A good place to start is hypertraps-demos.Rmd, where the basic form of R commands for HyperTraPS, most of the more interesting arguments that can be provided, and several scientific case studies are demonstrated. The expected behaviour for this demonstration is in docs/hypertraps-demos.html. If you don't like R markdown, Scripts/demo-examples.R has much of the same content (though one part relies on some pre-executed content).

Arguments to HyperTraPS

HyperTraPS needs at least a set of observations. This is the only essential input. In R this should take the form of a matrix; on the command line it should be stored in a file. The table below gives other inputs that can be provided, with more technical points appearing in lower sections.

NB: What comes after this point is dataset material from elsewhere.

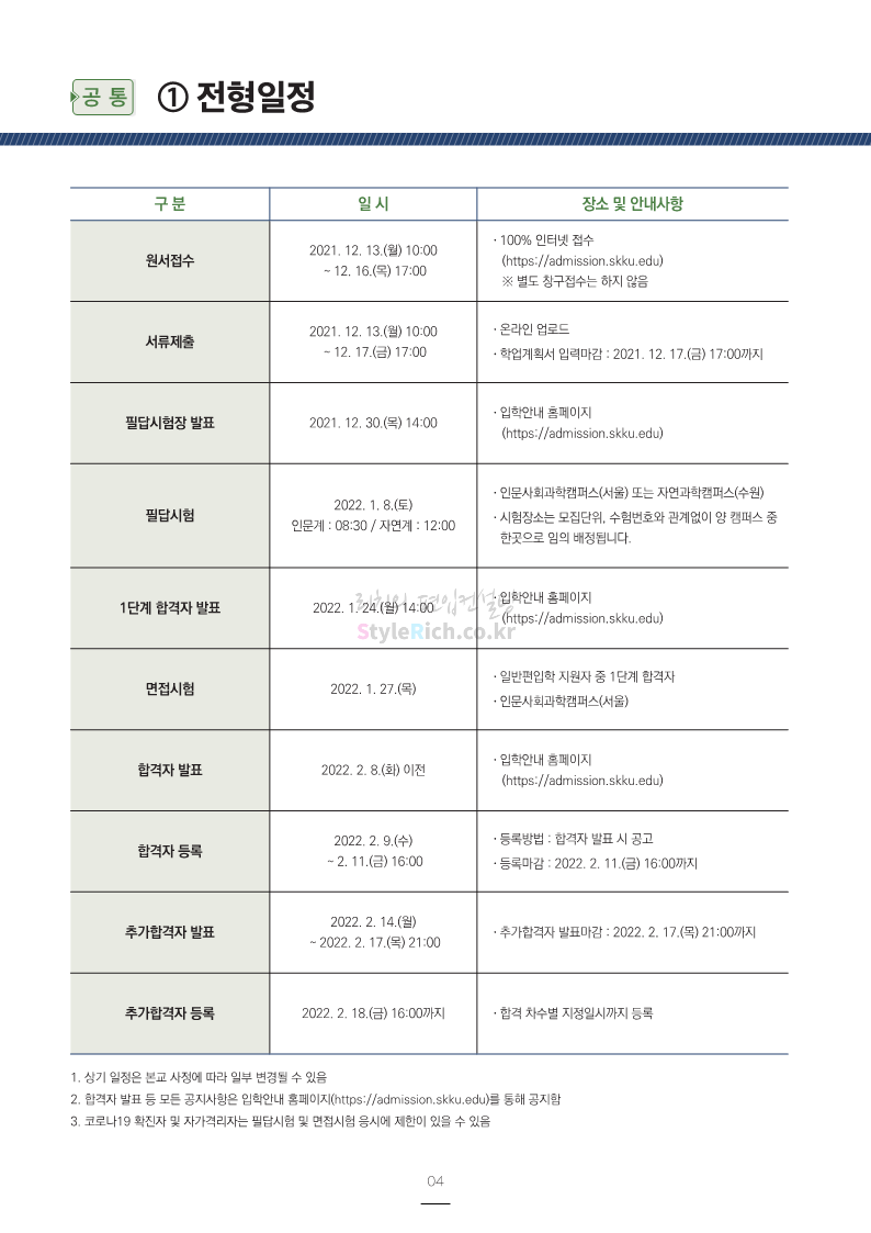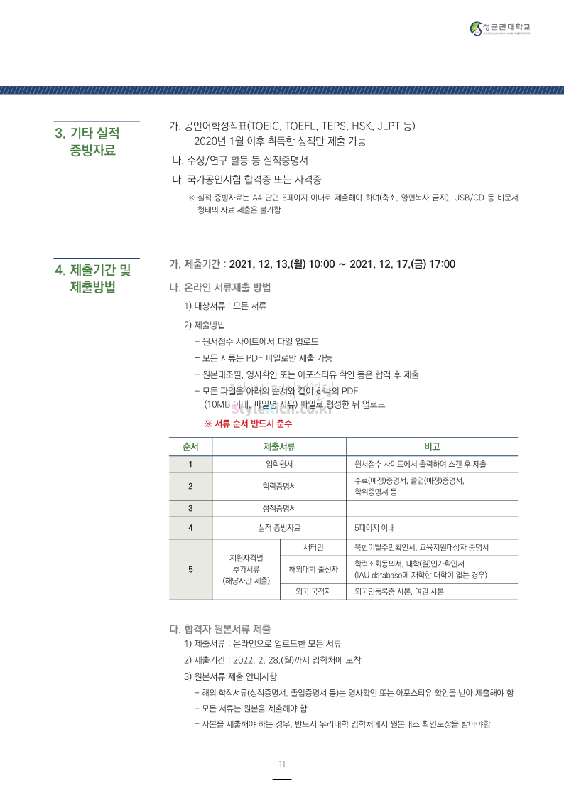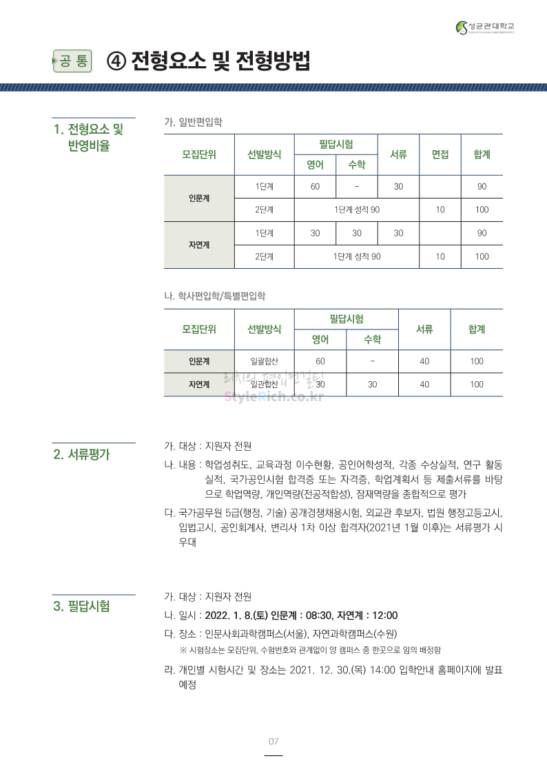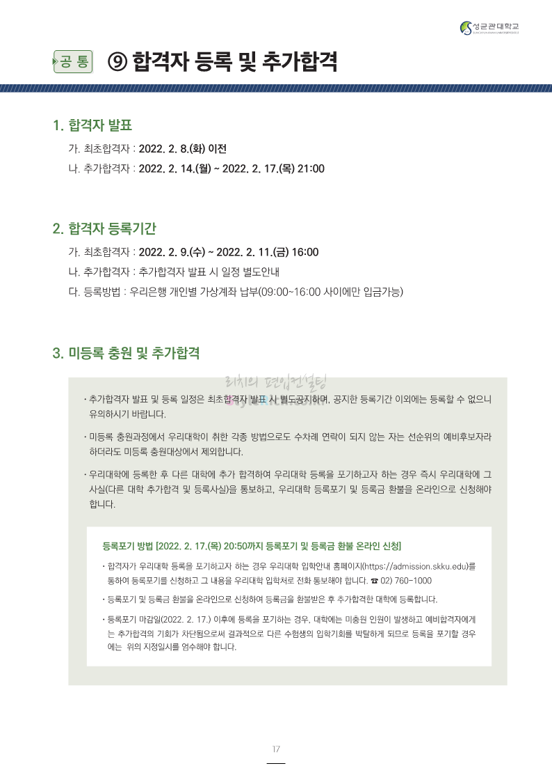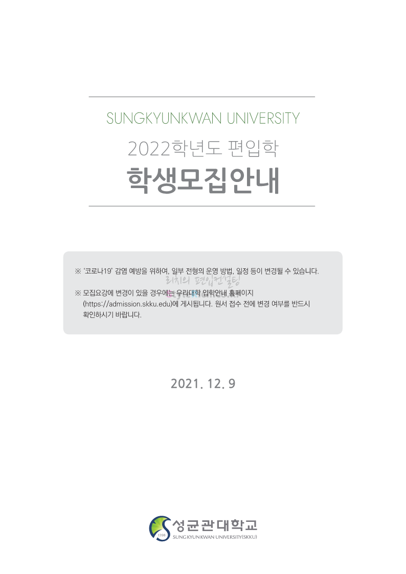 성균관대 편입 2022학년도 모집요강 간편하게 보자! 2021.12.09 22:05 편입 모집요강/2022학년도 모집요강 2022학년도 성균관대 편입 모집요강(2021.12.09 기준)을 간편하게 확인하세요. * 최종 모집요강 발표 이후에도 내용의 일부가 변경될 수 있으니 지원 전 반드시 성균관대 입학처의 모집요강을 확인 바랍니다. 2022학년도 성균관대 편입 모집요강 다운받기 <출처: 성균관대> [성균관대 랜선 캠퍼스 탐방] 알리미와 함께 떠나요~🏫🙆 💚 공유하기 게시글 관리 리치의 편입컨설팅 저작자표시 비영리 변경금지 (새창열림) '편입 모집요강 > 2022학년도 모집요강' 카테고리의 다른 글 상명대(천안) 편입 2022학년도 모집요강 간편하게 보자! (0) 2021.12.10 상명대 편입 2022학년도 모집요강 간편하게 보자! (0) 2021.12.10 경북대 편입 2022학년도 모집요강 간편하게 보자! (0) 2021.12.08 서울시립대 편입 2022학년도 모집요강 간편하게 보자! (0) 2021.12.08 충북대 편입 2022학년도 모집요강 간편하게 보자! (0) 2021.12.08 댓글 공유하기 다른 글 댓글 이 글 공유하기 구독하기 구독하기 카카오톡 카카오톡 라인 라인 트위터 트위터 Facebook Facebook 카카오스토리 카카오스토리 밴드 밴드 네이버 블로그 네이버 블로그 Pocket Pocket Evernote Evernote 다른 글 상명대(천안) 편입 2022학년도 모집요강 간편하게 보자! 상명대(천안) 편입 2022학년도 모집요강 간편하게 보자! 2021.12.10 상명대 편입 2022학년도 모집요강 간편하게 보자! 상명대 편입 2022학년도 모집요강 간편하게 보자! 2021.12.10 경북대 편입 2022학년도 모집요강 간편하게 보자! 경북대 편입 2022학년도 모집요강 간편하게 보자! 2021.12.08 서울시립대 편입 2022학년도 모집요강 간편하게 보자! 서울시립대 편입 2022학년도 모집요강 간편하게 보자! 2021.12.08 다른 글 더 둘러보기

Argument	R	Command-line	Default
Input data	obs=matrix	--obs filename	None (required)
Timings and initial states:
Precursor states	initialstates=matrix	--initialstates filename	None; on command line can also be specified as odd-element rows in "Input data"
Time window start	starttimes=vector	--times filename	0
Time window end	endtimes=vector	--endtimes filename	starttimes if present (i.e. precisely specified times); otherwise Inf
More technical content:
Prior mins and maxs	priors=matrix	--priors filename	-10 to 10 in log space for each parameter (i.e. very broad range over orders of magnitude)
Model structure	model=N	--model N	2
Number of walkers	walkers=N	--walkers N	200
Inference chain length	length=N	--length N	3
Perturbation kernel	kernel=N	--kernel N	5
Random seed	seed=N	--seed N	1
Gains (0) or losses (1)	losses=N	--losses N	0
Use APM (0/1)	apm=N	--apm	0
Use SA (0/1)	sa=N	--sa	0
Use SGD (0/1)	sgd=N	--sgd	0
Use PLI (0/1)	pli=N	--pli	0
Gap between samples	samplegap=N	(not available yet)	1e3 (>1e4 steps) or 1e2 (>1e2 steps)
Regularisation by penalised likelihood	penalty=X	--penalty X	0 (controls penalty per non-zero parameter)
Regularisation by LASSO	lasso=X	(not available yet)	0 (controls lambda, LASSO penalty for absolute parameter values)
Number of simulations per parameter sample	samples_per_row=N	(not available yet)	10 (number of samples to use for each parameter set when simulating routes and times for output)
Stepwise regularise model after best parameterisation (0/1)	regularise=N	--regularise	0
Transition format observations	(not available)	--transitionformat	(off)
Output exact transitions (0/1)	output_transitions=N	--outputtransitions N	Switched off for L > 15 to avoid large output; consider switching off for CT

So some example calls are (see the various demo scripts for more):

Task	R	Command-line
Run HyperTraPS with default settings	HyperTraPS(matrix)	./hypertraps.ce --obs filename
Run HyperTraPS-CT with default settings	HyperTraPS(matrix, starttimes=vector, endtimes=vector)	./hypertraps.ce --obs filename --times filename --endtimes filename
Run HyperTraPS with all-edges model and regularise by penalised likelihood	HyperTraPS(matrix, model=-1, penalty=1)	./hypertraps.ce --obs filename --model -1 --penalty 1
Run HyperTraPS with all-edges model, then stepwise regularise	HyperTraPS(matrix, model=-1, regularise=1)	./hypertraps.ce --obs filename --model -1 --regularise

Visualising and using output

The various outputs of HyperTraPS can be used in the R plotting functions below, which summarise (amongst other things) the numerical behaviour of the inference processes, the ordering and timings (where appropriate) of feature acquisitions, the structure of the learned hypercubic transition network, and any outputs from regularisation. *To start, plotHypercube.summary gives an overview of what we've learned. All of these except plotHypercube.prediction take a fitted model -- the output of HyperTraPS -- as a required argument, and may take other options as the table describes. plotHypercube.prediction takes a required argument that is the output of prediction functions described below.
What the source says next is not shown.